La pseudo-écologie infuse une désinformation complexe depuis plusieurs dizaines d’années, qui va se structurer en plusieurs couches, pour répondre aux éventuelles objections et doutes des militants. Elle a, en outre, infiltré diverses organisations et gagné au fil des années en légitimité. En même temps, l’écoanxiété et les discours alarmistes augmentent les rétributions cognitives à participer aux actions présentées comme des solutions. Cela permet de vendre des actions de plus en plus extrêmes à un plus grand nombre.
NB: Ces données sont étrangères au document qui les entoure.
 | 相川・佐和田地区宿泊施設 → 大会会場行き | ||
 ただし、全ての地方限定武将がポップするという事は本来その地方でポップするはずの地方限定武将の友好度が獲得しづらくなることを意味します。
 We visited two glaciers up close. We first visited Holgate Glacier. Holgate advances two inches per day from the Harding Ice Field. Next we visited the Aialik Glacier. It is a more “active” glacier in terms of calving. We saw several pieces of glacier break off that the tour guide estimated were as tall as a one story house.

Les pseudo-écologistes effraient et agitent la population, présentent comme interdites les solutions (ex : OGM, nucléaire, technologie en général), désinforment pour brouiller la réalité et enferment ainsi leurs audience dans une impasse … qui n’a qu’une issue : faire ce qu’ils préconisent. Plus l’écoanxiété se développe, plus de personnes sont jetées dans ce tunnel, dans ce parcours commercial, qui peut les broyer.

J’insiste sur le terme « broyer » : ils sont réellement de la chair à canon. Il n’y a qu’à penser aux jeunes blessés à Sainte-Soline. Ce ne sont pas les dirigeants écologistes dont les mains explosent en ramassant des grenades.
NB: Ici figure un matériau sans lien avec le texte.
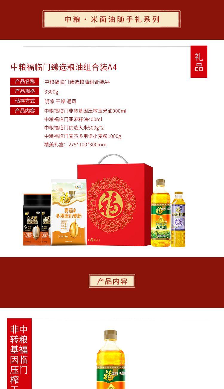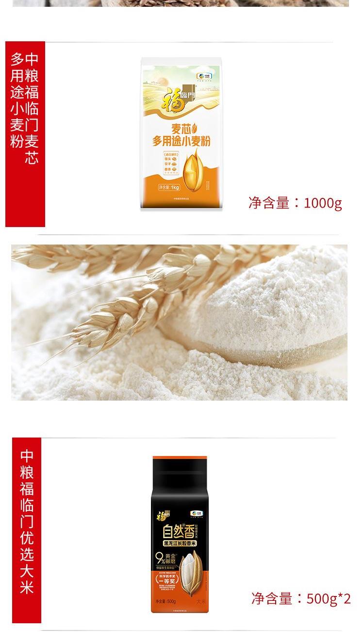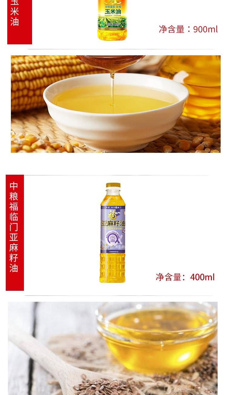 中粮福临门非转基因压榨玉米油900ml 中粮福临门亚麻籽油400ml 中粮福临门优选大米500g*2 中粮福临门麦芯多用途小麦粉1000g 精美礼盒:275*100*300mm

Que faire face à ce dévoiement du militantisme ?

Le cancer militant a ceci de particulier que lutter directement contre lui peut avoir tendance à le renforcer. Cela confirme les militants dans leur identité contestataire et donne des armes aux leaders pour mobiliser et radicaliser la base. Cela peut être inévitable, mais la meilleure méthode est d’affaiblir les structures favorisant les mécaniques cancer militant.
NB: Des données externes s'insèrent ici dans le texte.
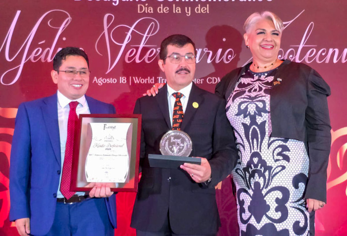 La ceremonia celebrada en la capital del país fue encabezada por el secretario de Agricultura y Desarrollo Rural del Gobierno de México, Julio Berdegué Sacristán, y la presidenta de la FedMVZ, Laura Arvizu Tovar, quienes resaltaron la importancia de reconocer la labor de los médicos veterinarios zootecnistas en la salud animal, la seguridad alimentaria y el bienestar social, destacando la contribución de líderes como el rector Dámaso Anaya para el fortalecimiento de este sector.
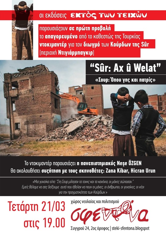 Οι εκδόσεις "εκτός των τειχών" παρουσιάζουν σε πρώτη προβολή το απαγορευμένο από το καθεστώς της Τουρκίας ντοκιμαντέρ για τους διωγμούς των Κούρδων της Sûr (περιοχή Ντιγιάρμπακιρ):

Cela passe évidemment par la déconstruction de la désinformation de chaque sujet. Néanmoins, il faut lutter contre quelque chose de plus global, qui est trop répandu : l’idée que le militantisme est désintéressé. Si on comprenait précisément que, quand les militants détruisent, cassent et font, en substance, n’importe quoi, c’est pour un intérêt personnel, on diminuerait radicalement les rétributions de ces comportements. Le « militantisme » a été vendu comme une sorte d’excuse par les militants de tous bords, comme quelque chose de vertueux par nature. Il faut se départir de cette idée, il faut désenchanter le militantisme. 

Références

  • Gaxie, D., 1977. Économie des partis et rétributions du militantisme. Revue française de science politique 27, 123–154. https://doi.org/10.3406/rfsp.1977.393715
  • Baumann, A., 2022. Economie du militantisme. Le paradoxe du cancer militant, coll. « Questions contemporaines ». L’Harmattan, Paris., 164p.
  • Baumann, A., 2021. L’agribashing, une violence qui s’ignore, VA éditions., 214p.